Mrs Noble said: “We can’t grieve for Jade yet because we don’t know what happened to her.
“My family will say: “Isn’t it time to find somewhere for Jade?” But I can’t because there are so many unanswered questions.
“We were fined £30 for accidentally driving into a pedestrianised area to collect flowers for Jade.
“Yet someone can be the driver in a crash which kills two people and nothing happens.
“Is that what justice is?”
Jade’s death left a hole in the heart of her family.
She had a twin Ian, 19, brother Michael, 23, and sister Zoe, 25. She also left behind her father, Ian Rice, and stepmother Gillian Rice.
Her family were in court last week and were in tears after the result.

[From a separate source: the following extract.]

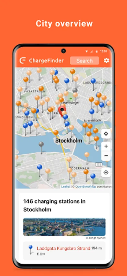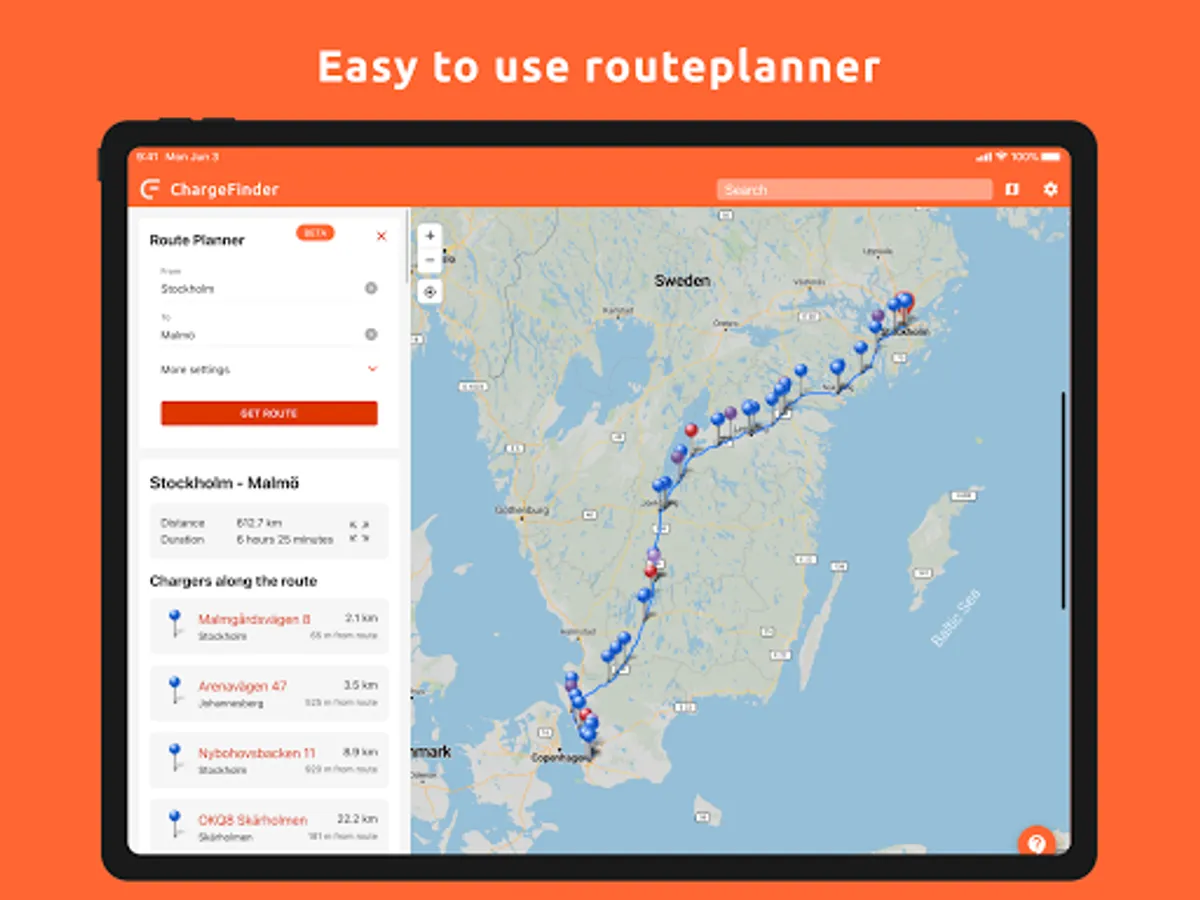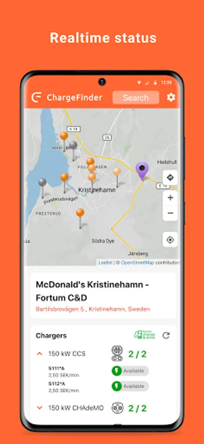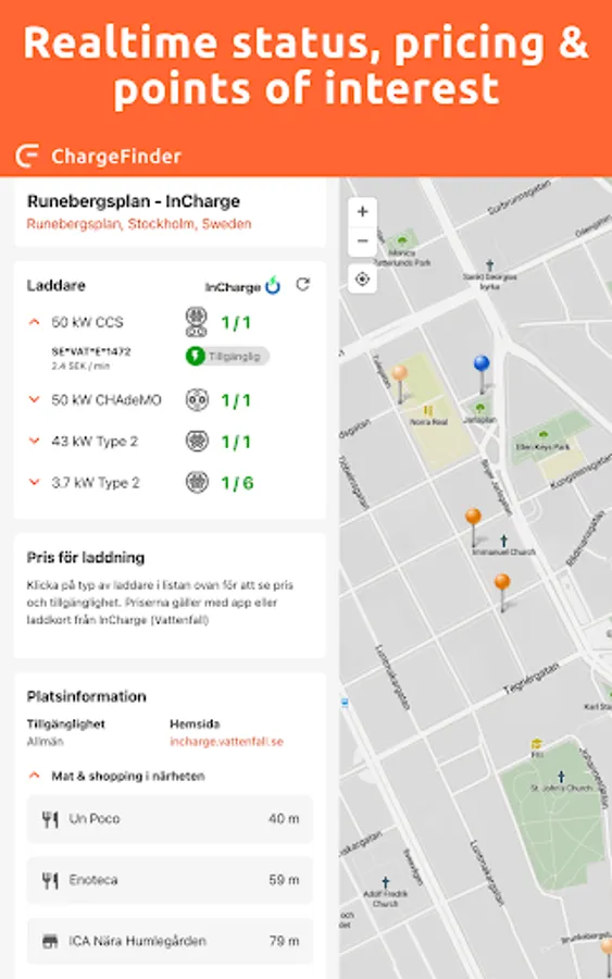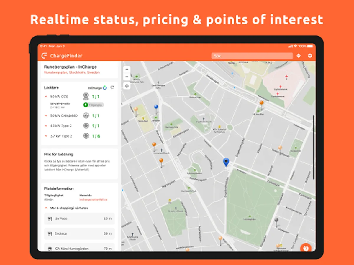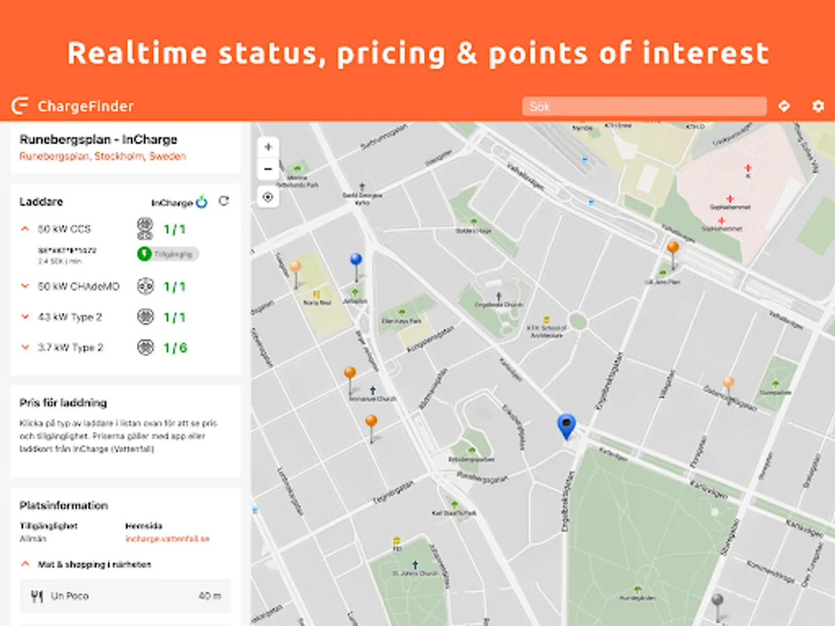 Find charging stations on the charge map and get information about charging speed, current prices and availability in real time. Live charger status is displayed for all major networks in Scandinavia and several in rest of Europe. In one place you can now see if a charger is idle, busy or out of order regardless of operator. Tips on nearby eateries and other things that can be good to know about the specific place are of course also available.
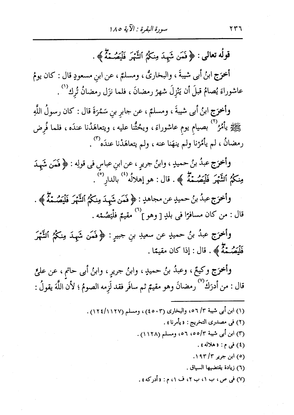 وأخرج ابن أبي حاتم عن الضحاك {شهر رمضان الذي أنزل فيه القرآن} يقول : الذي أنزل صومه في القرآن.

They were also upset to hear two lawyers discussing other car crashes while they waited for magistrates to return.
Mrs Noble ran her own cleaning business before her daughter’s death. Her husband is a self-employed maintenance worker.
She added: “When it comes to birthdays and Christmas it’s just not a celebration.
“Ian doesn’t have a birthday now; he can’t celebrate without his twin. I look at my children and their eyes are sad. We are all numb.
“ I bottle it all up and can’t talk to people because they will think ‘it’s been two years’ and think I should have moved on.
“But when you don’t know what happened then you can’t move on.”
Mr Noble described Jade as a feisty young woman who was very caring and loving.
“She wanted to grow up too quickly, but she was over that phase. We all miss her so much.
“The thing we need is closure, so we can grieve for Jade. We feel very let down by the legal system.
“We want justice, to know what happened so we can try to move on. One day we will get it.”
Danny Atkinson and Jade had been staying in a halfway house on Sherwood Avenue, Bradley, where Mohammed Tanwir worked.
Danny left behind his mother, Linda Adams, father Mark St Hilaire and siblings Leander and Paige.